Companies can send out hundreds or even thousands of third-party risk assessments at a given time.
To keep up with all the responses they receive, organizations often use a red flag model to quickly identify assessments that aren’t up to par. This may not be the best way to assess a third party’s environment, but it’s still a common methodology.
So here are a few of our tips to help you answer these assessments accurately.
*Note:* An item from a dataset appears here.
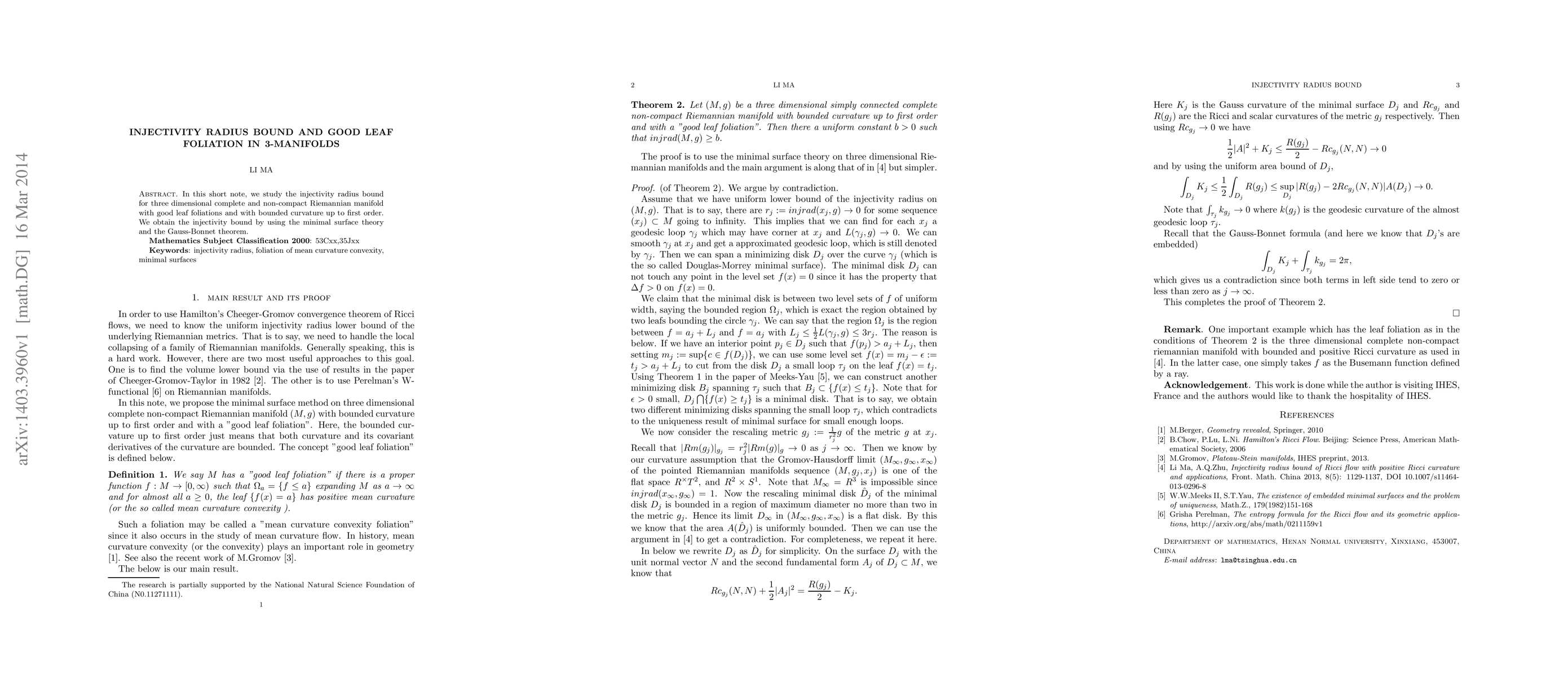 This paper investigates the injectivity radius bound in three-dimensional, complete, and non-compact Riemannian manifolds with good leaf foliations and bounded curvature. The authors derive the injectivity bound using minimal surface theory and the Gauss-Bonnet theorem.

Red Flags Are Associated with How You Respond to a Customer Security Audit
It’s important to note that the majority of these red-flags are associated with how you respond, rather than the actual content of your responses.
Red flags include:
- Responding non-applicable (N/A) for all or many of the answers in an assessment. Unless you support an N/A answer with a very clear description and reasons, it’s never a good way to answer a question.
- Responding that you are compliant for all of the answers without providing more details in appropriate sections of the assessments. Complete compliance would require a lot of documentation and detail, and you’d have to be able to support it during the assessment.
- Having the responses written by a person that doesn’t have a security background. If there is an on-site or phone interview during the assessment, send someone with a strong background in security that can accurately communicate and explain the background of your existing program.
- Disorganized documentation. Make sure everything is sharp and presentable, which includes making sure it’s on the right letterhead, customizing it to your organization, and making sure the current “last modified dates” are no more than a year old.
- Providing more information than necessary. Only answer the questions to the level of detail that the assessment asks for.